Arte sur la série « Dezoom » de Simon Bouisson et Ludovic Zuili

en tant de datajournaliste et cheffe édito. La même année, elle

rencontre l’autrice-réalisatrice Aurore Aubin pour qui elle

travaille en tant qu’assistante réalisatrice édito sur son film

documentaire sulfureux À la recherche du premier boulard (OCS).

Alors qu’elle s’ouvre à la possibilité de la réalisation,

elle signe la même année dans l’agence New Madison en tant

que mannequin professionnelle.

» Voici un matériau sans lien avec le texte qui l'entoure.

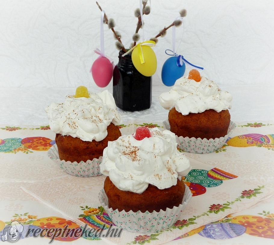 Tálalás előtt ízlés szerint kanalazzunk a muffinok tetejére tejszínhabot és szórjuk meg őrölt fahéjjal.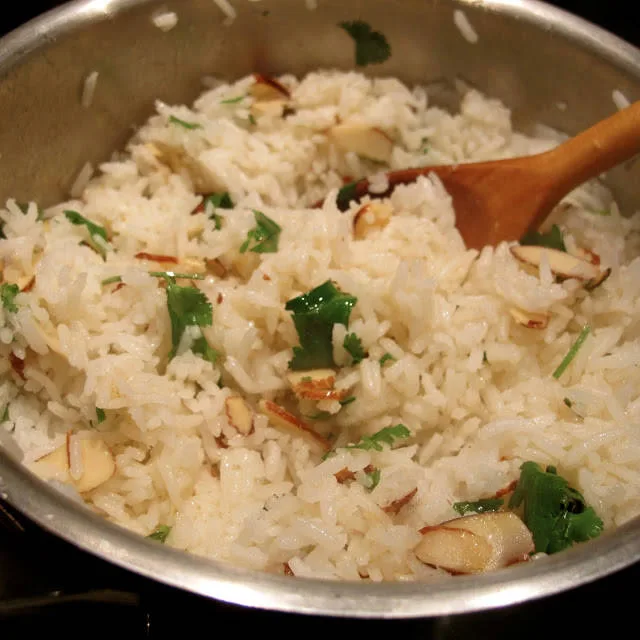 | Bland mandler og friske korianderblader i risen. Server sammen fisken, nektariener skåret i skiver, grønsaker og sitrussaus. |

Ses collaborations artistiques

avec l’artiste photographe Mélanie Bordas Aubiès en tant que

modèle et performeuse (What is your Wanderlust exposé chez

0fr (Mars 2020, Paris), Blazing (2019), Visions of Justine

(2018)) parachèvent sa détermination à créer et à incarner

des travaux qui l’engagent corporellement et politiquement.

À travers le Le Cri des Corps elle souhaite réaliser un film

manifeste qui met en scène les luttes d’émancipation féministe

et queer ainsi que la nécéssité de bâtir une société basée

sur l’empathie. Elle souhaite se saisir de l’art visuel pour

participer à la révolution des corps en cours et ainsi faire

émerger autrement le sujet de la contraception chimique.